Our goal with Public Press Live has been to foster more of those rich conversations with the increased efficiency of communicating with small groups through presentations and moderated discussions. Since working out the logistics of producing and scheduling these events, we’ve found these presentations to be quite effective in helping us connect with more diverse local groups and expanding the reach of our reports beyond our existing networks.
Now that we have developed consistent systems for scheduling and running Public Press Live events, we will focus more energy on generating blog posts and social media content from those events.
Do you plan to do this project again?
We are happy with many of the outcomes we have achieved with Public Press Live so far and plan to continue it indefinitely. Now that we have systems and methods in place, it is much easier to schedule and run Public Press Live events more frequently with less preparation time required for each event.
Would you recommend this revenue- or audience-building approach to other news organizations?
Yes.
What insight would you offer anyone using or thinking of trying a similar approach?
Several aspects of this project took longer than we expected. We hired a part-time contractor in May and June who a) developed the initial list of neighborhood and community organizations for us to approach and made a first round of contacts, b) worked with the leadership team to create a streamlined slide deck, equipment box and event checklist, and c) created outlines for 10-minute, 30-minute and one-hour sessions incorporating both presentations and discussions. We designed these to fit various time slots that groups requested for our participation in their meetings.

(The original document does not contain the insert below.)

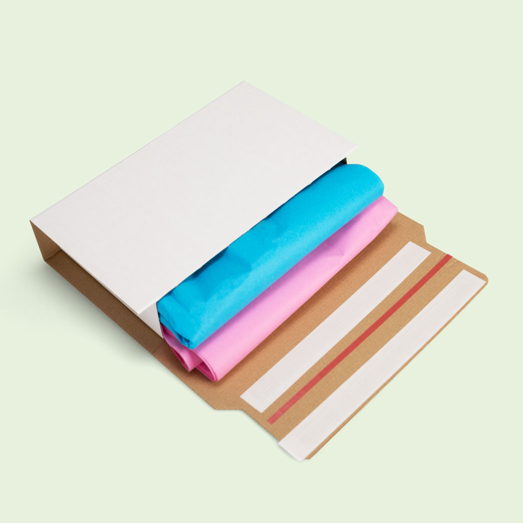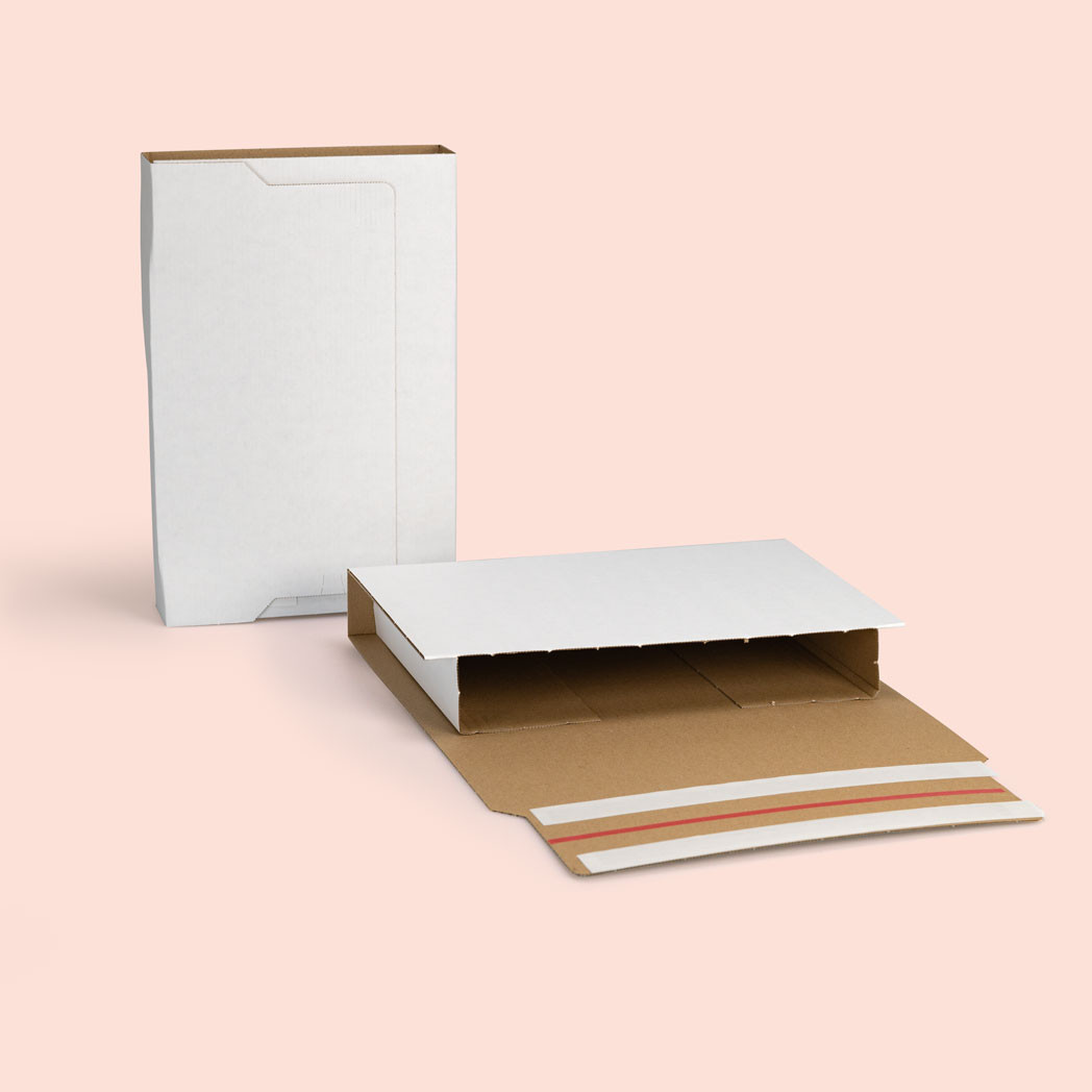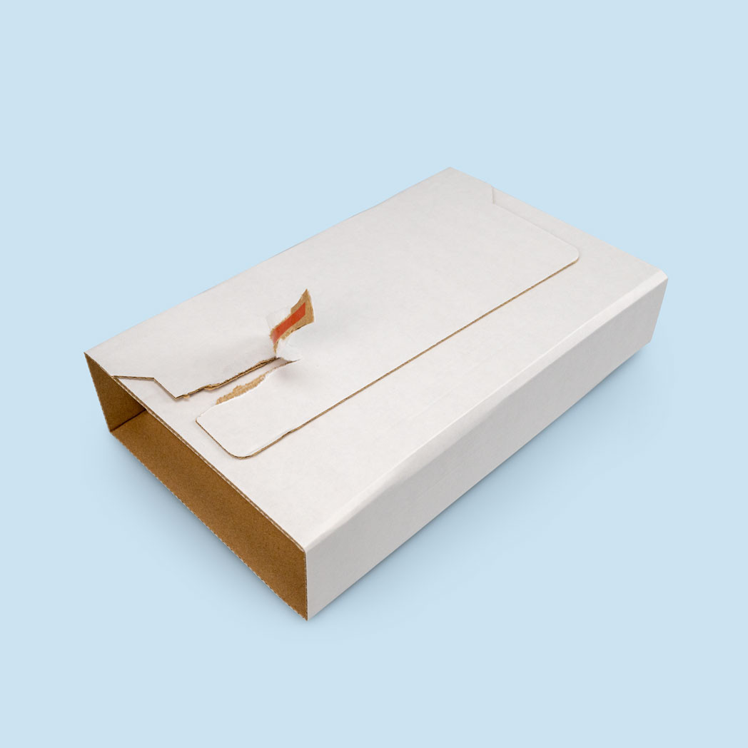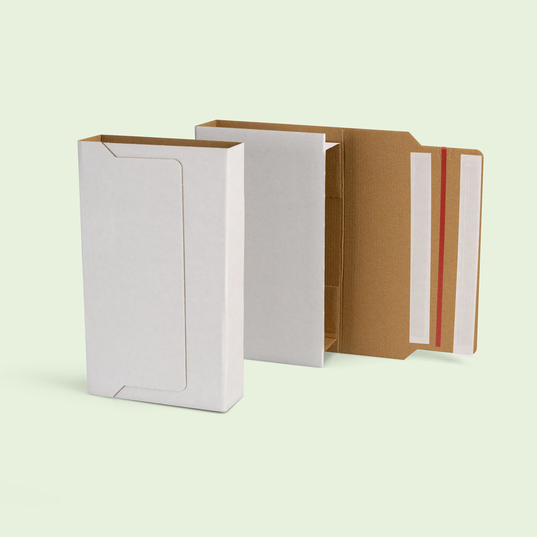 Diese Universal Verpackung aus E-Welle bestellen Sie bei AUSGEWÄHLT in drei verschiedenen Größen. Neben der Größe S (24,3 x 16,3 x 6,8 cm), führend wir die weiße Buchverpackung auch in 27,8 x 20,3 x 6,8 cm (M) und 30,8 x 24,8 x 6,8 cm (L). Das besondere Plus unserer Buchverpackung: Sie ist dank variabler Packhöhe (1 bis 6,8 cm) superflexibel. Somit können Sie schlanke Taschenbücher genauso gut wie dicke Kataloge verschicken. Auch ein Kombiversand mit Produkten verschiedener Größen ist durch eine variable Füllhöhe problemlos möglich. Falls es doch mal mehr werden sollte, können Sie bei uns auch größere Versandkartons bestellen. Die flachliegenden Wickelverpackungen lassen sich einfach aufrichten und befüllen. Der praktische, zweifache Selbstklebeverschluss hilft sowohl Ihnen beim sicheren Verschließen des Kartons als auch Ihren Kunden, falls diese ihre Ware als Retoure zurückschicken möchten. Wickeln Sie den Karton eng um die Sendung und verschließen Sie ihn mit dem ersten Selbstklebeverschluss. So vermeiden Sie Hohlräume und können auf zusätzliches Füllmaterial verzichten. Der dafür vorgesehene Verschlussstreifen entwickelt optimale Klebekraft durch festes Andrücken. Der Empfänger öffnet die Verpackung mühelos und bequem mithilfe des Aufreißfadens. Möchte er sein Paket anschließend zurückschicken, nutzt er dafür den zweiten Klebeverschluss.
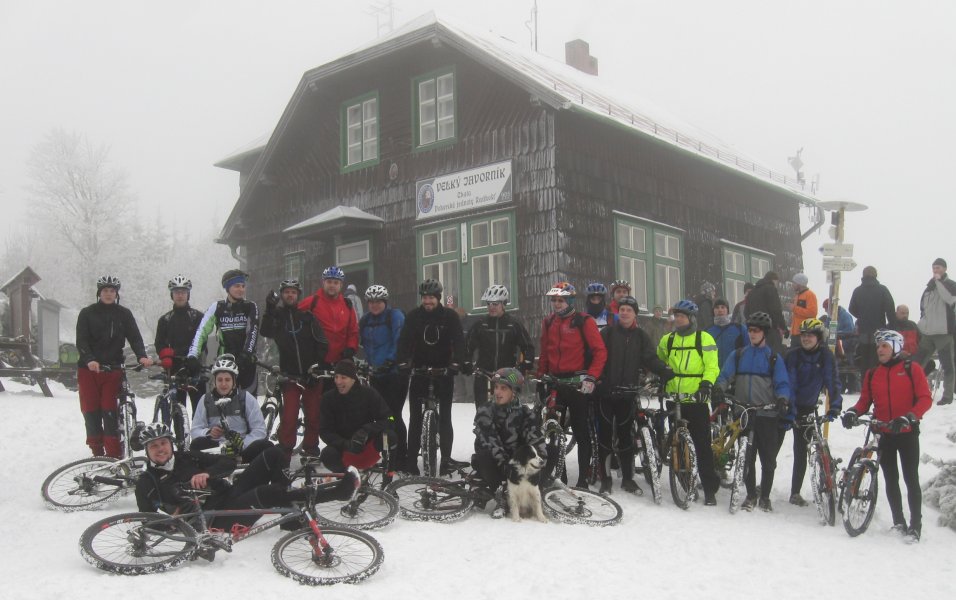 Letos dorazilo více lidí z větší dálky, dva bikeři z Oder přijeli na dvoukole, Martin a Radek přijeli z Ostravy a ještě pak za námi do chaty přiběhl Zbyňa z Delfou, kteří přiběhli z Lysé hory.... V kopřivnici se nás sešlo 18 bikerů na 17 kolech a 1 pes, Giro. Vlastní vyjížďka probíhala v pohodě, silnice byly ve městě bez sněhu, mokré. V Kopřivnici si někteří dali na kruháči 12 koleček, pak jsme jeli po bílé, trochu posněžené alkocestě do Lichnova, tam se přidal Hynek, příjemná zastávka u Vláďě v Bordovicích, ve Veřovicích na nádraží jsme počkali pár minut na Pika a pak jsme už začali stoupat po zasněžené cestě na vrchol Velkého Javorníku. Zezačátku sníh křupal, nahoře se to spíš propadalo, bylo třeba držet přesně stopu. Dalo se to ale v pohodě vyjet, i na ojeté gumě :-) Na sjezd přímo z vrcholu se heclo letos více lidí a bylo to fajn, dalo se to. Hned na prvním rozcestí to Hyna zpestřil pádem, jak můžete vidět ve videu :-) jeli jsme ale dál, odvážlivci přes serpentyny. Nakonec jsme všichni dojeli k chatě ve Veřovicích, kde jsme si dali mimo jiné zelňačku, klobásu, aj. Domů jsme odjížděli po skupinkách, poslední jsme ještě vyjížděli za světla, nebo šera a do Kopřivnici jsme přijeli za úplné tmy. Se Sigym jsme si dali ještě sjezd lesem po tmě, jen s jednou čelovkou :-) Beskydské MTB info | WWW rozcestník | seznam maratonů | Kopřivnický DRTIČ | CykloArt bike klub | beskydské trasy |

In August, we hired Daphne Magnawa as our membership and outreach coordinator to manage the Public Press Live program along with our formal membership program, and other events and outreach.
Daphne — now our director of membership and community — has done a great job executing this project and has accelerated our event schedule for the next several months. When we first started the program, it was more challenging than we expected to fill our calendar with Public Press Live events. We learned that most community groups only meet once a month, and we often needed to schedule with groups several months in advance. Based on our experience with this pilot initiative, we are better equipped to handle the long-range scheduling required to manage Public Press Live as an ongoing program.
Describe the market/community that you serve.
Geographically, we focus most of our reporting and engagement efforts in San Francisco, CA. About 20 percent of our reporting extends to the greater Bay Area, and we occasionally cover statewide issues. We report stories that have broad impact — cost of housing, sea level rise, public education — and also investigate issues affecting marginalized groups to cover important stories that are underreported by the commercial press.
What was your organization’s revenue mix (i.e. sources and %) prior to the project? Did the revenue mix change as a result of the project?
Our revenue mix in 2015 was about 65 percent memberships, subscriptions and other donations from individuals, 25 percent from grants, 8 percent from renting desks to freelance journalists, and the rest from single copy sales and miscellaneous income.
Our revenue mix shifted significantly because we received several new grants in 2016, and a much larger percentage of our funding (about 60 percent) came from charitable foundations.
We expect that our Public Press Live initiative and other ongoing outreach activities will have a long-term positive effect on our ability to expand our membership program. We continue to find that, as with many public radio stations, about 10 percent of our regular audience members (for our purposes, newsletter subscribers) donate to the organization. We know that significantly growing our audience (and making up for those we lose by attrition) will be essential to the stability and long-term health of the organization.